Historically, the Democratic Party was the stronger party in the South, but the American Civil War in which Abraham Lincoln, a Republican President, defeated the Southern Confederates, virtually decimated the Republicans, and turned the South into a Democratic bastion for many decades.

However, from the early 1950s, and later thanks to the Democrats’ nationwide support of the Civil Rights Movement, under the leadership of President John F. Kennedy and Lyndon Johnson, and the increased awareness and activism of the Afro-Americans, the situation radically changed. Conservative Southern Democrats began to leave in droves their now ‘too liberal’ party, and join the Republican Party. Indeed, the Southern states which gave the Democrats three out of their last four presidents (Lyndon Johnson, Jimmy Carter and Bill Clinton) are now safe Republican strongholds.

This trend has continued throughout the last few decades, as the Republican Party becoming the platform of the Conservatives and right-wingers, while the Democratic Party became the natural home for Liberals and even left-leaning Socialists.
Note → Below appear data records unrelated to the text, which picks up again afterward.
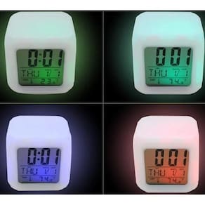 Lindo relógio em formato de cubo com luzes LED colorido para alegrar e decorar qualquer ambienteRelógio e luminária, Cubo com luzes Coloridas em Led, Despertador e Termômetro 5x1Este moderno e elegante relógio Luminária de mesa com formato de cubo com led colorido, contém 5 funções (5x1).Possui mudança automática de 7 cores (LED) diferentes e você pode desligar quando quiser, marca a hora; data; semana; temperatura e também funciona como luminária. Suporta os formatos 12 e 24H. Função alarme e soneca com 8 musicas diferentes e o visor informa a temperatura em ºC e ºF.Informações sobre o produto:Horário 12H ou 24HDespertadorTemperaturaDia e mêsDia da semanaAltura: 8cmComprimento: 8cmLargura: 8cm7 cores de LED (Muda automaticamente)Luzes LED funciona com 3 pilhas AAA (Não incluso)Cor do cubo: BrancoCOR do LED: RGBDimensões: 8 × 8 × 8 cmPeso: 125 gr.Tela: LCD com tamanho 5.1 x 5.1 cmVoltagem: 4,5v (fonte não inclusa) (Ja testei com a fonte do celular Nokia)LCD com 2 baterias AG13/1mA (incluso)LEDs com 4 pilas AAA ou adaptador de 4,5V (não incluso) Marca: Tempo Real
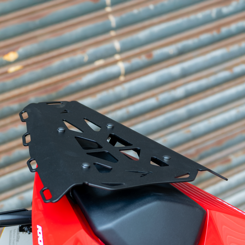 Crafted from aluminium, the Seat Rack integrates seamlessly with the bike's lines while providing multiple strap points for securing tail packs, duffel bags, or other soft luggage. Installation is quick and fully reversible—no modifications required.
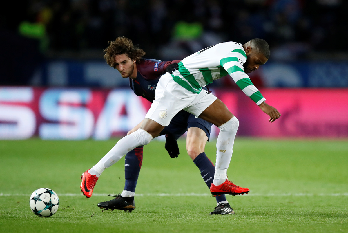 Soccer Football - Champions League - Paris St Germain vs Celtic - Parc des Princes, Paris, France - November 22, 2017 Paris Saint-Germain’s Adrien Rabiot in action with Celtic’s Scott Brown and Kieran Tierney REUTERS/Christian Hartmann
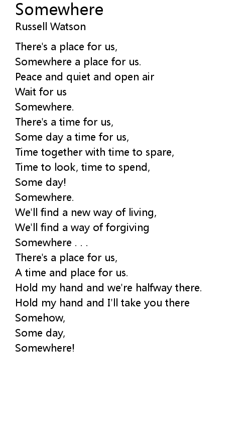 | Somewhere a place for us. | |
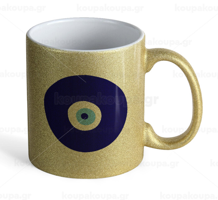 Χάντρα γαλαζιά, Κούπα Χρυσή Glitter που γυαλίζει, κεραμική, 330ml

This culminated in the election of Barack Obama, as the first Afro-American president, for two consecutive terms.

Yet, during the same period, a new kind of fear began to appear, fueled, in part, by Obama’s presidency and his national and international policies. But as important, were other factors:
1- The rapid advance of globalization that has shaken many Americans’ trust in the free movement of goods and services.

2- The fast growing ‘New Technologies’ with their apocalyptic threat to old jobs and practices; particularly, to unskilled labor.

3- The demographic change which is expected to turn the White Christian European-Americans majority into a minority in the US. In the meantime, the new majority is expected to consist of the Hispanics, Afro-Americans and Asian Americans; who now already form a sizable percentage of populations in the country’s three most populous states: California, Texas and Florida.

This new fear felt by White Christian European-Americans, particularly, the unskilled and lesser-educated, has recently found those who exploit, harness and market it. Then, along came Donald Trump to carry it to the highest national political platforms.

Next November’s US elections will be another test of how strong is the base created and given a political voice by this fear. It is the ideological and interest-linked base that made Trump, not made by him. This is very similar to the base of fighting ‘the Evil Empire’ that created Ronald Reagan’s legacy, and the ‘neo-con’ school that created George W Bush’s.

Before the 2016 elections, few Americans expected a Trump victory. However, when said that he can shoot someone in Fifth Avenue and still not lose, Trump showed that he knew precisely what his voters were. He knew how they think, perceive things and react; and so he knew how to talk to them and what to tell and prompt them.

This is why Trump’s opponents within the Republican Party collapsed, as proven by the successes of his candidate in most primaries, in a populist wave that made light even the threat of Covid-19 and Trump’s bad handling of the pandemic.

On the other hand, the Democratic Party, divided between traditional liberals and up and coming Leftists – who emerged with Bernie Sanders’ 2016 campaign – can do nothing but mobilize its voters to defeat Trump rather than secure victory for their candidate Joe Biden in November.